Although the etiology of osteochondritis dissecans is not fully elucidated, it is believed to be multi-factorial in nature. Postulated etiologies include genetic predisposition, inflammation, spontaneous avascular necrosis, and repetitive microtrauma. Originally believed to be related to osseous inflammation (hence the term osteochondritis), multiple studies have failed to prove inflammation as the underlying cause. The theory of spontaneous osteonecrosis is thought to occur during the maturation of the overlying cartilage during adolescence. At this time, the vascular supply to the subchondral bone transitions from a juvenile perichondrial supply to the mature supply from the medullary cavity. It is thought that during this transition period, the epiphyseal bone is predisposed to avascular necrosis. The higher prevalence of OCD in young athletes also suggests a repetitive microtrauma etiology.  These theories have been studied with varying success in concluding the cause, but the most commonly accepted etiology is that of repetitive microtrauma, with or without an inciting event, that results in the patient’s initial presentation.[2][3]

Epidemiology

Osteochondritis dissecans occurs in approximately 15 to 29 per 100,000 patients.[4] Although it can occur from childhood through adult life, the majority of patients are 10 to 20 years of age.[5] Males are typically affected twice as often as females,[5] with a higher incidence occurring in young athletes. The knee, particularly the lateral aspect of the medial femoral condyle, is the most affected joint, with the elbow (capitellum) and ankle (talus) also affected to a lesser degree.[2],[6]

Pathophysiology

Regardless of etiology, osteochondritis dissecans is an idiopathic focal joint disorder affecting the subchondral bone. Fragmentation of a small focus of subchondral bone creates a defect between the osteochondral lesion and the parent bone, leading to decreased vascularization and resulting in osteonecrosis of the fragment. Stable fragments are those that are held in place by intact overlying articular cartilage. Progression of the defect to involve the overlying cartilage is possible, which leads to instability of the fragment. If lesions become unstable, they may remain in situ or displace from the parent site and become a loose body within the joint. Due to the altered articular surface caused by the osteochondral lesion, early-onset osteoarthritis occurs in a large percentage of these affected patients.

History and Physical

Presentation and discovery of osteochondral lesions are variable. Patients may be asymptomatic with incidental detection at imaging. This is true of patients who have always been asymptomatic or those who never presented for evaluation but can recall remote chronic mild pain that resolved without treatment. Other patients present during the phase of chronic mild pain of the affected joint, with or without an acute injury.
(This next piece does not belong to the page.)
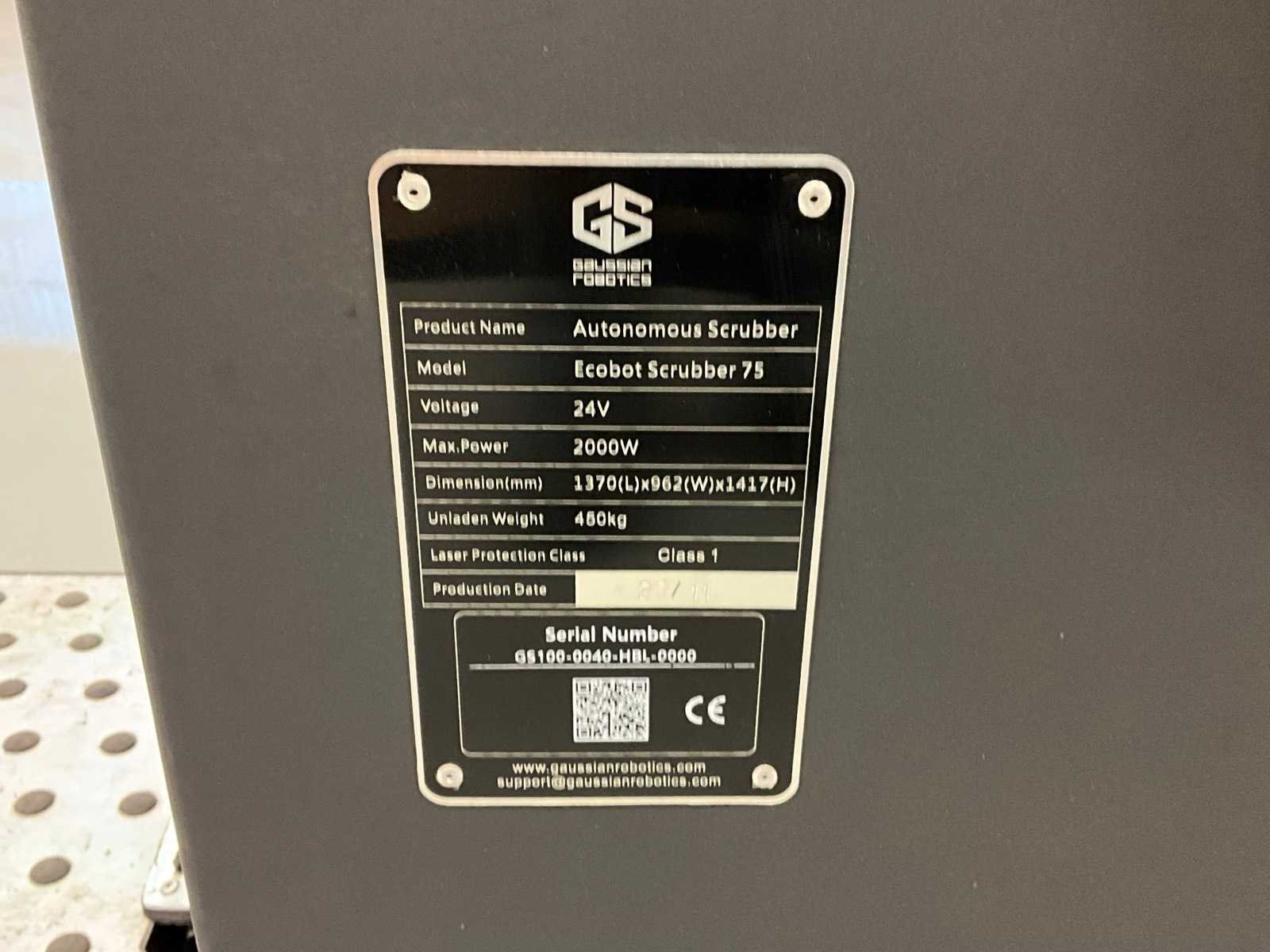 Demo model No Merk: Gausium Robotics Type: Ecobot Scrubber 75 Bouwjaar: 2020 Serienummer: GS100-0040-HBL-0000 Werkbreedte: 750mm Elektrisch: true Aansluiting: 220V Oplaadbaar: true Eigen gewicht: 450kg Totale afmeting L: 1600mm Totale afmeting Breedte: 900mm Totale afmeting Hoogte: 1500mm

These patients typically present several months to a year after the onset of symptoms. When the patient has a loose fragment, symptoms are generally more severe, with marked joint pain, locking, swelling, and joint instability.[3][2]
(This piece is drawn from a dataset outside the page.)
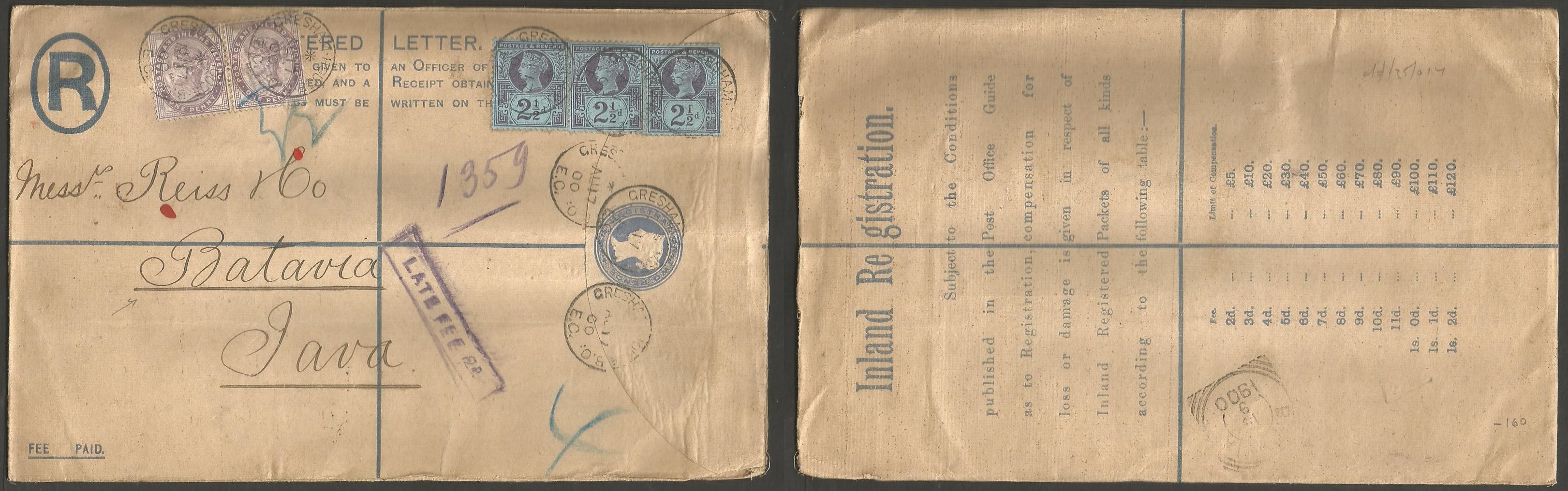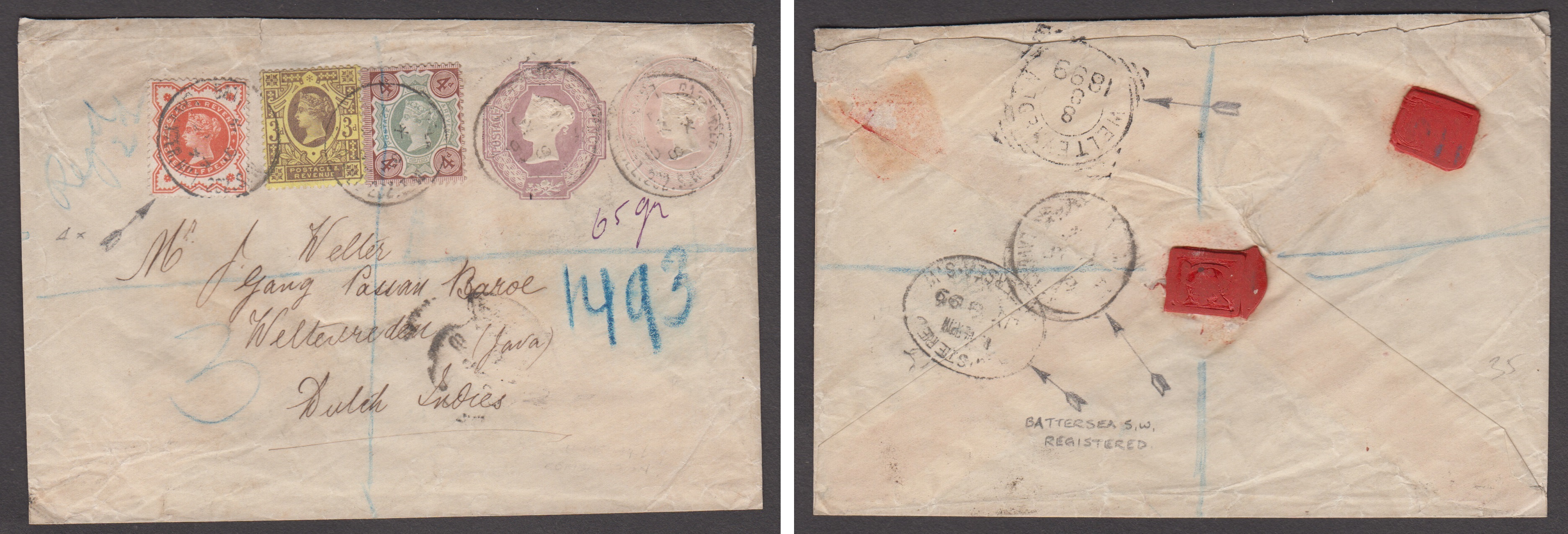 1890 (Apr 11) Registered envelope uprated with 1887 5d Jubilee to Medan, Sumatra

Upon physical exam, these patients may have tenderness with palpation, decreased or painful range of motion of the involved joint, and effusion or swelling. Other injuries, such as fracture and ligamentous injuries, should be excluded.[3]

Evaluation

Imaging has a key role in the evaluation and management of these patients. Routine radiographs of the affected joint are the initial imaging obtained. Radiographs show an ovoid lucency affecting the subchondral bone with subjacent sclerotic bone. Occasionally the bony fragment may be visualized within the subchondral defect or, if displaced, elsewhere within the joint. Radiographs are unable to determine the stability of the osseous fragment and underestimate the lesion size. MRI is typically used to confirm the diagnosis when an abnormality is identified on radiographs in differentiating a developmental ossification variation from OCD and to aid in treatment planning, helping to determine if the lesion is likely to be stable at the time of arthroscopy.  MRI is highly sensitive and specific in the evaluation of fragment stability; therefore, it is recommended for patients in whom stability is a clinical concern.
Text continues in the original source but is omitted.